As mentioned earlier, while MZ B-cells do not generate such high-affinity antibody responses, Ig produced by these cells have been shown (in humans) to bear low levels of SHM ^{[24][40][41][42]}. MZ B-cells also have the potential to undergo CSR from IgM to IgG or IgA following the binding of BAFF to the receptor transmembrane activator and calcium modulator and cytophilin ligand interactor (TACI), which is highly expressed at the surface of MZ B-cells ^[43][44]. However, these antibodies are considered of low-affinity and of a polyreactive nature, in contrast to those produced through GC reactions. Nevertheless, antibodies produced by first-line populations such as MZ B-cells may be relevant in circumstances of microbial control and mucosal homeostasis, as will be discussed.

Interestingly, MZ B-cells have also been shown to migrate to T-cell zones of secondary lymphoid organs and activate CD4⁺ T-cells ^[45]. Additionally, MZ B-cells are able to present antigens to invariant natural killer T-cells (iNKT), a type of NKT-cell with a restricted TCR repertoire that can recognize lipidic molecules in the context of atypical MHC class I-like molecules of the CD1 family, widely expressed by MZ B-cells ^[46][47]. These MZ: iNKT cellular interactions confer activation, notably via the CD40-CD40L pathway ^[47].
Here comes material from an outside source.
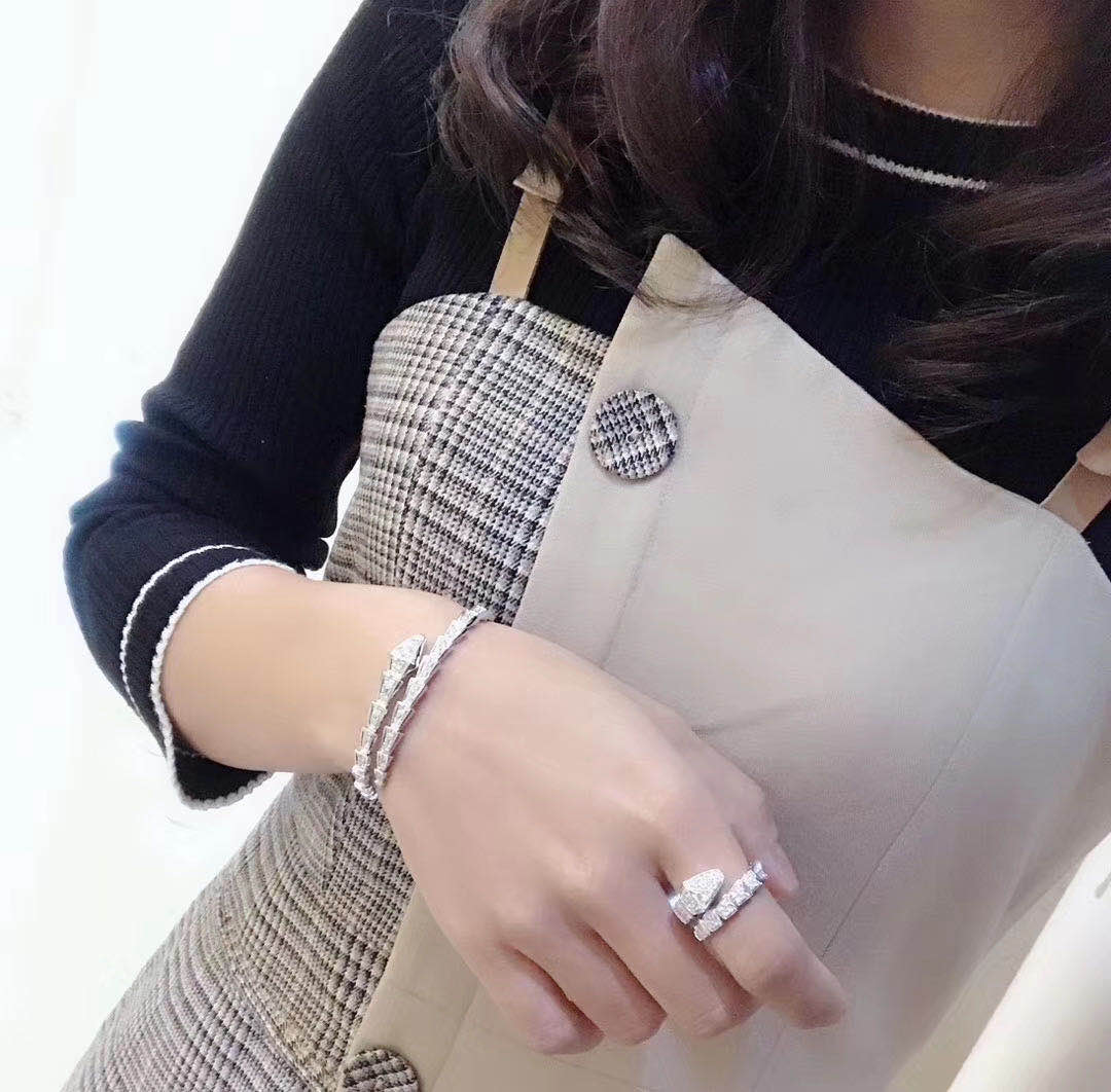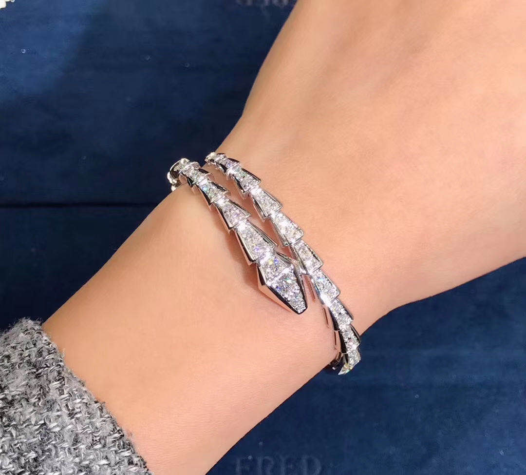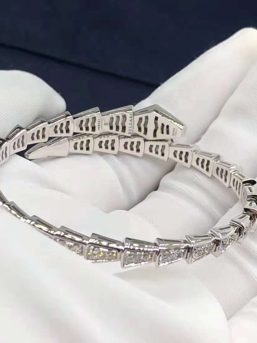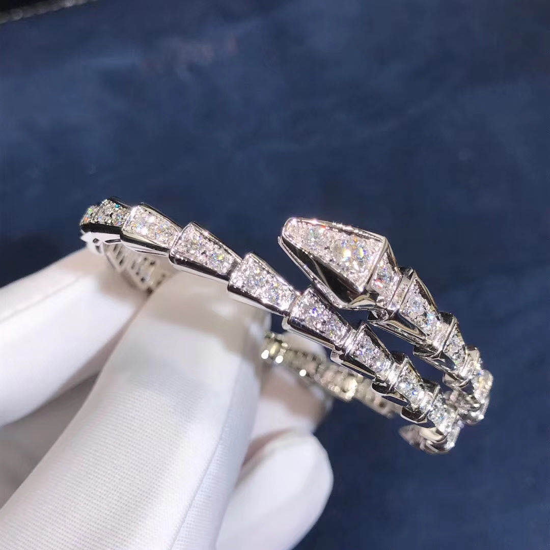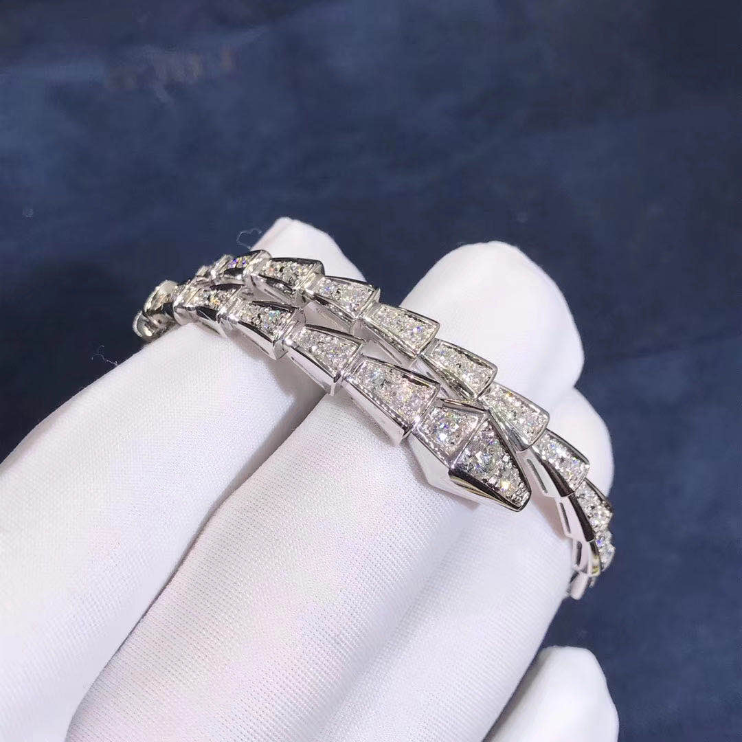 • Bvlgari Serpenti one-coil slim bracelet in 18kt white gold with full pavé diamonds

Bregs are involved in the maintenance of tolerance and homeostasis of the immune system. Bregs were originally defined as IL-10 producing B-cells (or B10) in mice ^[48]. Many groups have since identified different murine Breg subsets that possess anti-inflammatory suppressive mechanisms, mostly mediated by IL-10, such as T2-MZP-B-cells, MZ B-cells and B1a B-cells, amongst others (see Table 1). As in mice, human Breg subsets have been mostly identified based on their IL-10 production capacities ^[48]. Although IL-10 is an important regulatory cytokine, its production alone is not sufficient to qualify a B-cell population as Breg, since several human B-cell populations are capable of IL-10 production in the context of inflammation and upon stimulation ^[5][49]. However, in these populations, IL-10 production does not persist in time; therefore, these populations could be falsely identified as true Bregs. Unlike the expression of Forkhead Box P3 (FoxP3), which is a shared feature of regulatory T-cell populations, there is no single marker reported to identify Breg populations to date ^[50]. As such, several immunoregulatory markers—such as IL-10, Programmed Death Ligand 1 (PD-L1), CD39 or CD73—have been associated with Breg potential and can help identify true Breg populations (see Table 1). Notably, the overlap of several markers used by different groups could imply that different Breg populations might in fact be more similar than expected.

As mentioned earlier, the B-cell population sharing characteristics of both MZ and TI B-cells have been characterized, which was termed “precursor-like MZ B-cells” (MZp) and which bears a CD19⁺IgM^highCD27⁺CD1c⁺CD21^lowCD10⁺ phenotype ^[4][5][79]. Some recent research have shown that MZps possess strong regulatory potential due to the Breg molecules that they express (see Table 2). Indeed, besides their strong ex vivo IL-10 expression profile, MZps highly express the nuclear receptors (NR)4A1, NR4A2 and NR4A3, as well as the immunoregulatory molecule CD83 (see below) ^[5][67]. Furthermore, MZps also express the ectonucleotidases CD39 and CD73, as well as several molecules associated with Breg functions, such as Transform Growth Factor Beta (TGF-β), IL-35, TLR10, Human Leukocyte Antigen G (HLA-G) and PD-L1 ^[67]. Strikingly, it can be found that the Breg function of MZp was directly linked with signals involving CD83, and more recently with the PD-1/PD-L1 signaling path, as discussed below ^[67].